Abstrak
Kanker merupakan salah satu penyakit mematikan yang diakibatkan oleh pertumbuhan tidak normal sel-sel jaringan yang tidak terkendali dalam tubuh. Pada tahun 2018, menurut data Globocan jumlah pengidap penyakit kanker mengalami kenaikan dari tahun sebelumnya yaitu sebesar 18.1 juta jiwa, dengan angka kematian sebesar 9.6 juta jiwa. Dalam beberapa tahun terakhir, prediksi penyakit kanker dengan menggunakan data DNA microarray dapat membantu para tenaga ahli medis dalam menganalisis apakah seseorang mengidap penyakit kanker atau tidak. Data DNA microarray memiliki ekspresi gen yang sangat besar dan kompleks, oleh karena itu dibutuhkan metode reduksi dimensi.
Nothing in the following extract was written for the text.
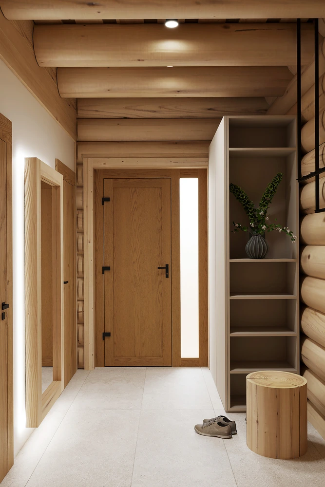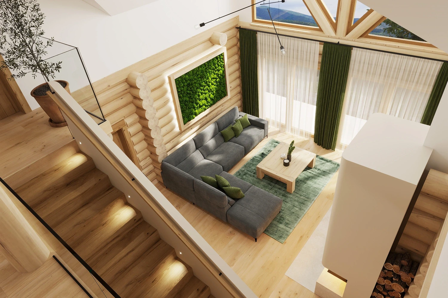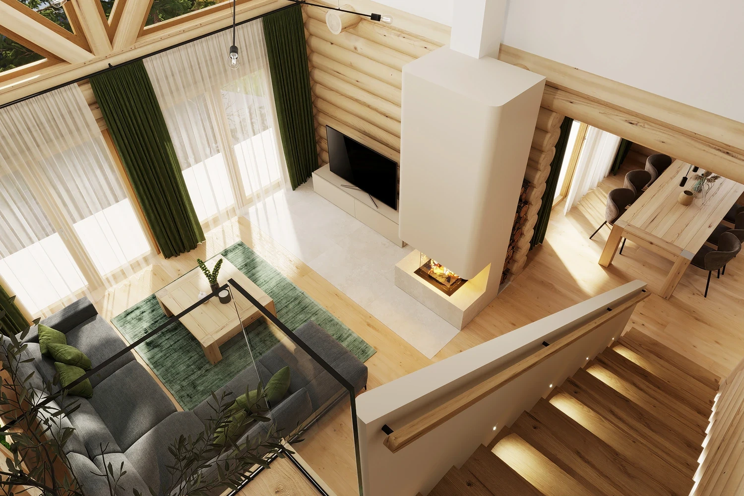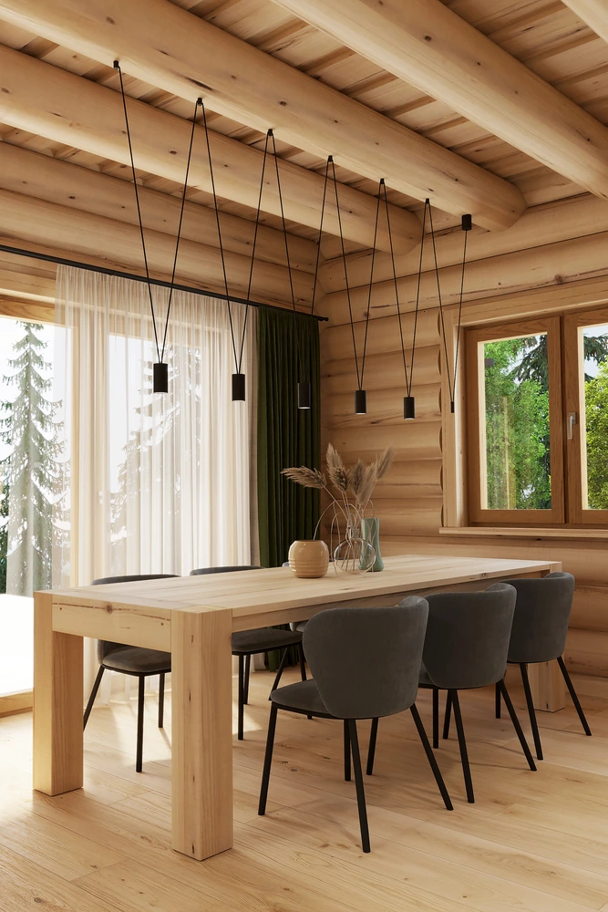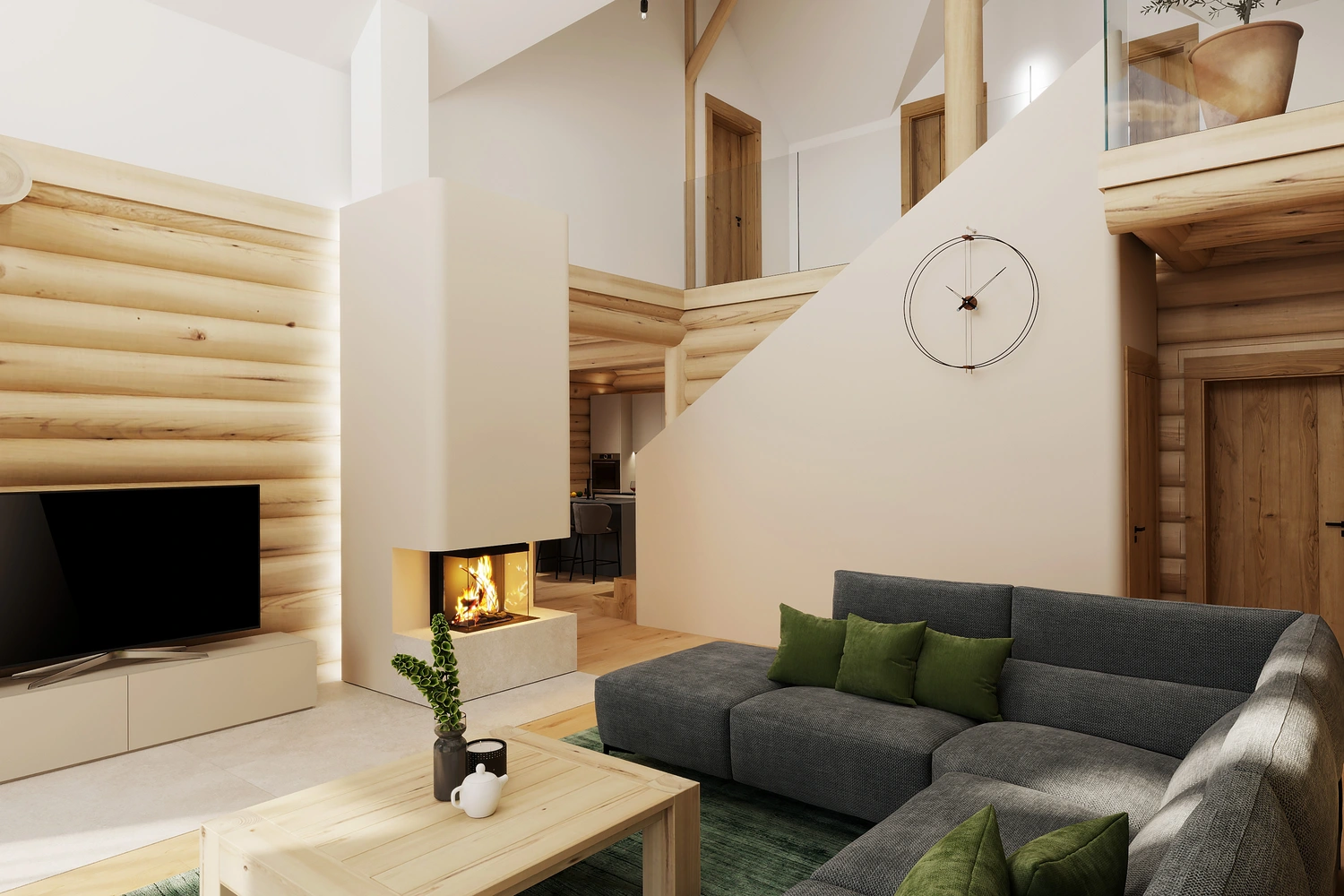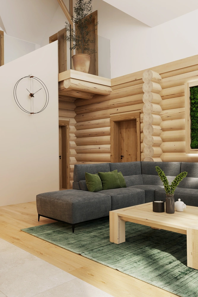 Luxusný zrub v Levoči - projekt interiéru vyniká vďaka otvoreným priestorom obývačky s galériou. Pri návrhu interiéru sme kombinovali prírodné materiály drevostavby s moderným dizajnom, čím sme vytvorili priestor, ktorý spája tradíciu a dizajn.

Kemudian, hasil reduksi dimensi akan digunakan untuk klasifikasi kedalam jenis kanker atau tidak. Dalam penelitian ini, penulis menggunakan metode Principal Component Analysis sebagai metode reduksi dimensi fitur dan Functional Link Neural Network sebagai metode klasifikasi, setelah dilakukan beberapa rangkaian proses didapatkan akurasi klasifikasi rata-rata PCA dengan menggunakan FLNN sebesar 76.08%. Tujuan dari penelitian ini adalah menganalisis pengaruh reduksi dimensi PCA dan pengaruh Orde Polynomial pada pengklasifikasian data microarray.
Kata Kunci: deteksi kanker, Microarray, Functional Link Neural Network, Principal Component Analysis.